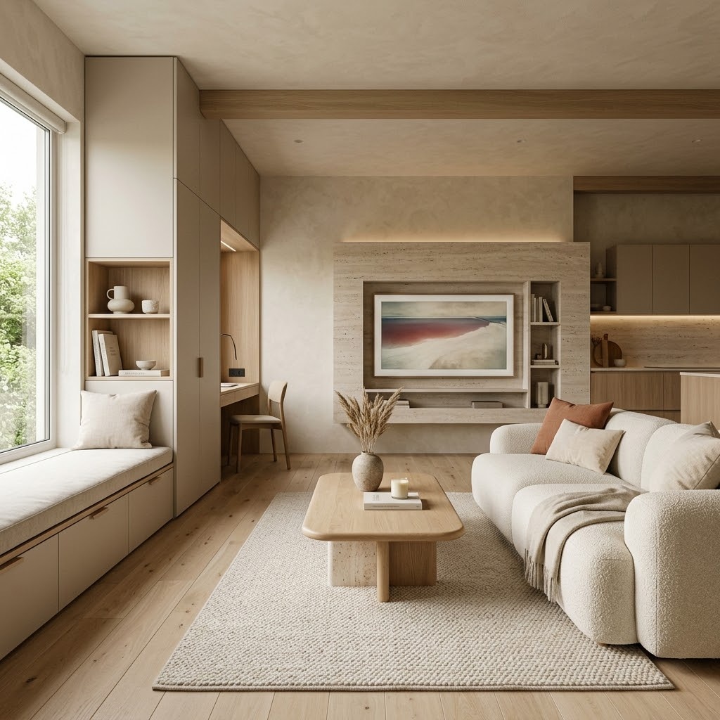 Тёплый минимализм — это не «пусто», а «ровно столько, сколько нужно». Дорогой эффект создают большие спокойные плоскости, аккуратные стыки и понятная логика хранения.
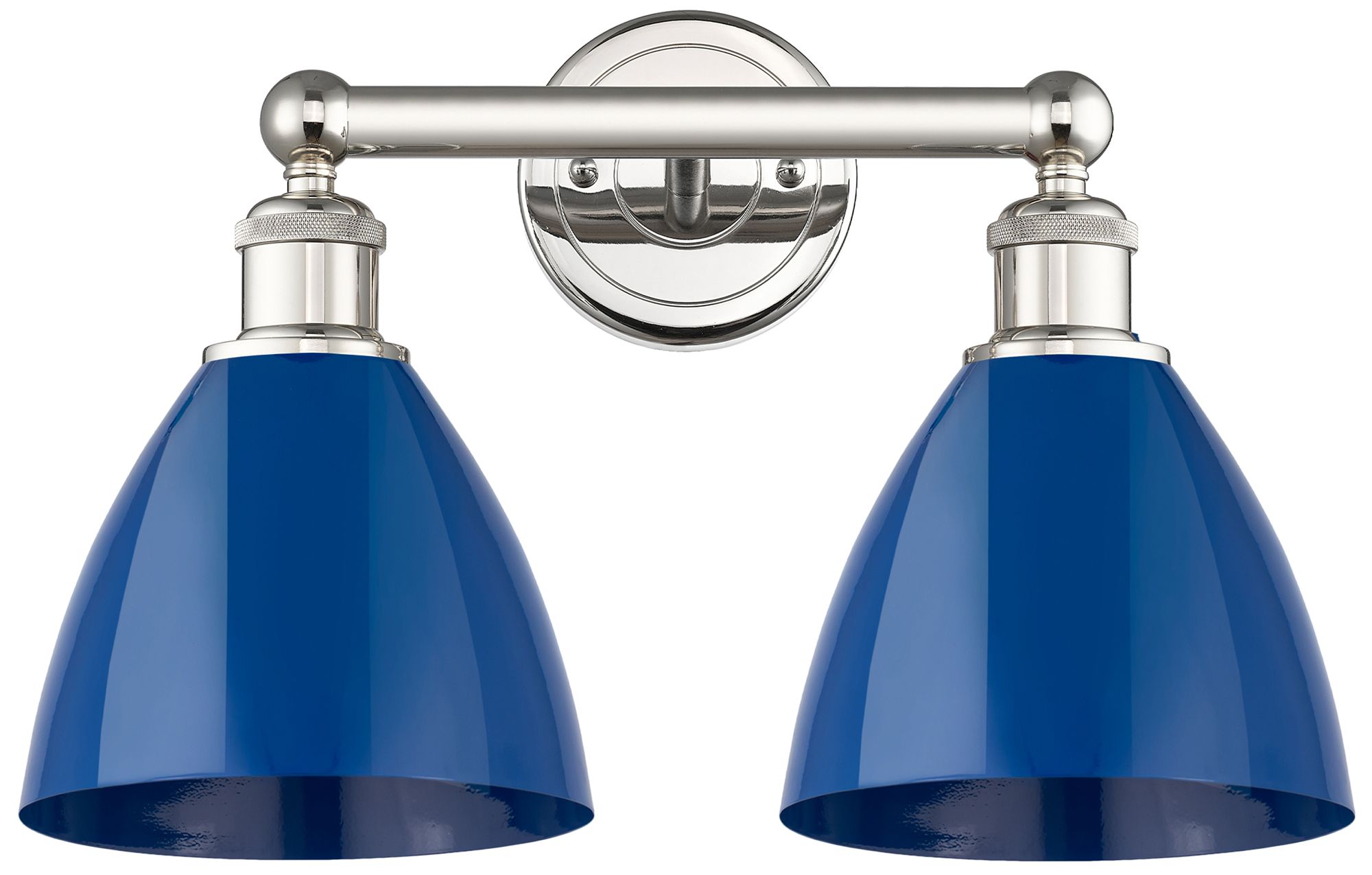 Plymouth Dome 16.5"W 2 Light Polished Nickel Bath Light With Blue Shad
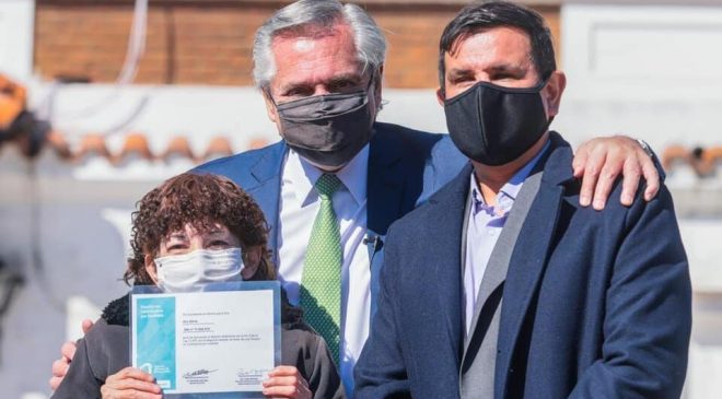 Durante el acto, el Presidente entregó la pensión no contributiva número 100.000, en lo que representa una política de restitución de este aporte del Estado a las personas con discapacidad en situación de mayor vulnerabilidad tras la quita y el congelamiento dispuesto por el gobierno anterior.
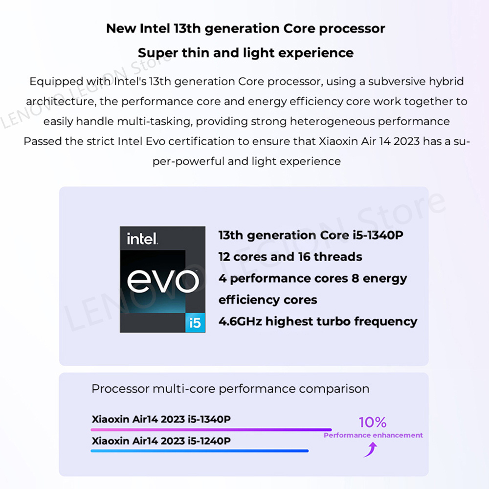 Equipped with Intel's 13th generation Core processor, using a subversive hybrid architecture, the performance core and energy efficiency core work together to easily handle multi-tasking, providing strong heterogeneous performance.Passed the strict Intel Evo certification to ensure that Xiaoxin Air 14 2023 has a super-powerful and light experience
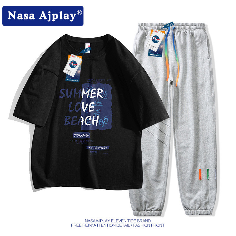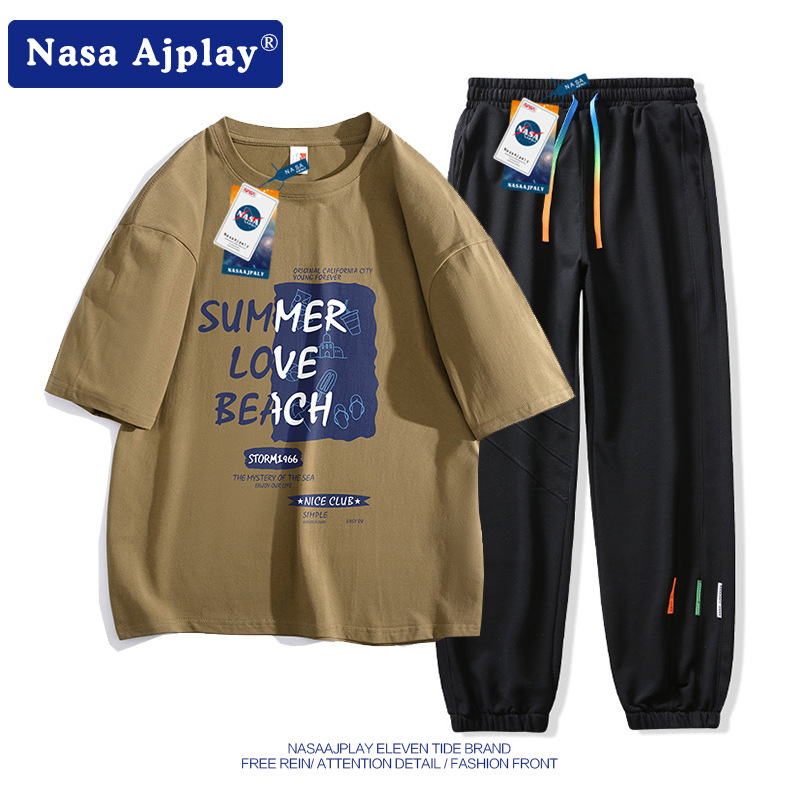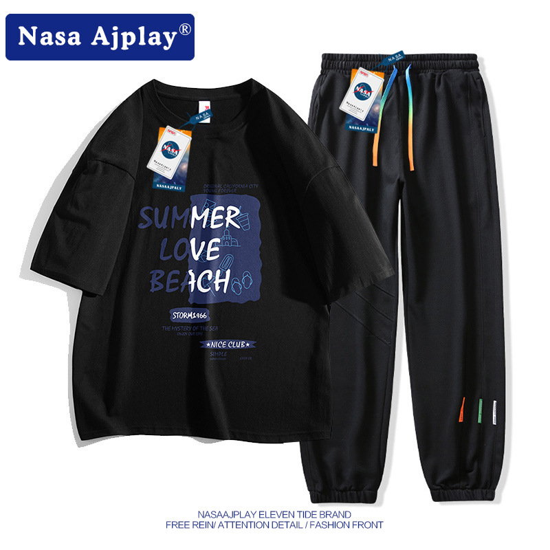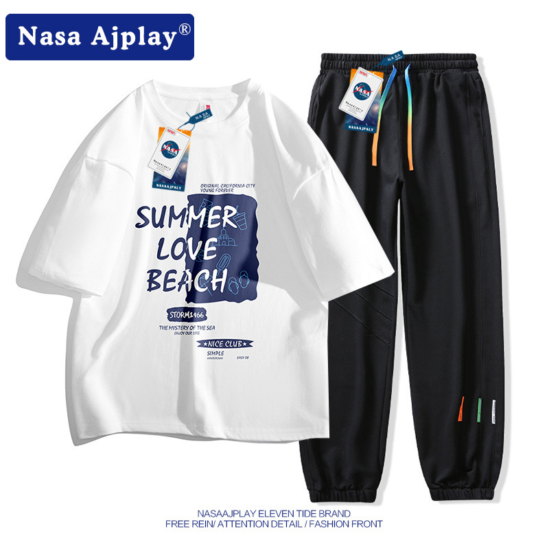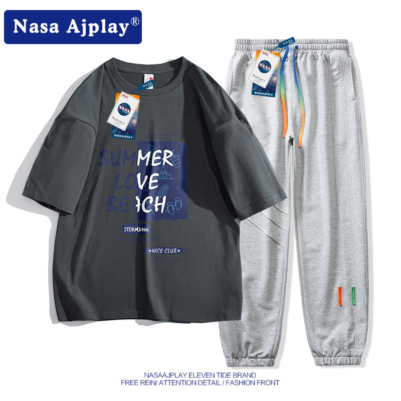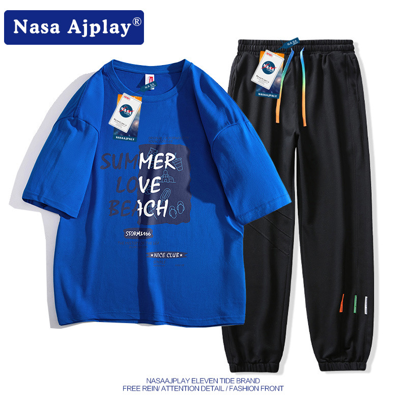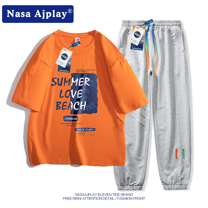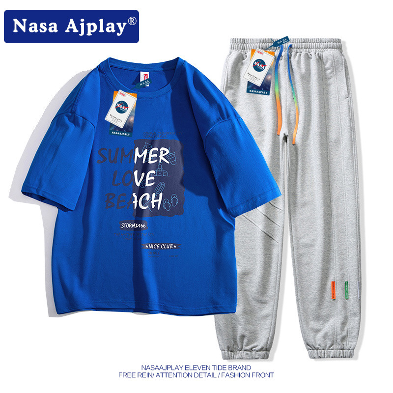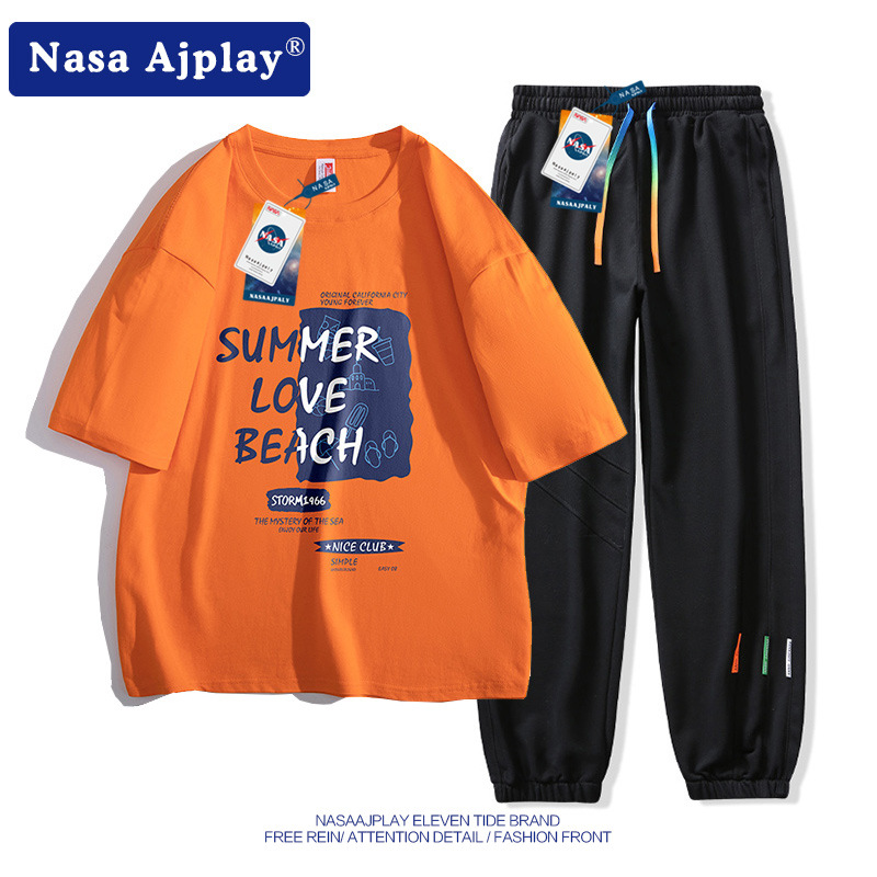 NASA 남자의 반팔 세트 여름 새로운 유행 십대 잘 생긴 발목 길이 바지 투피스 스포츠웨어스토어 가기

════════════════

◆ WORK TO BE COMPLETED ◆
Return exactly the lines of the data, beginning with the first and ending with the line containing "With Blue Shad". Skip the pictures.

◆ RESULT BELOW ◆
 Тёплый минимализм — это не «пусто», а «ровно столько, сколько нужно». Дорогой эффект создают большие спокойные плоскости, аккуратные стыки и понятная логика хранения.
 Plymouth Dome 16.5"W 2 Light Polished Nickel Bath Light With Blue Shad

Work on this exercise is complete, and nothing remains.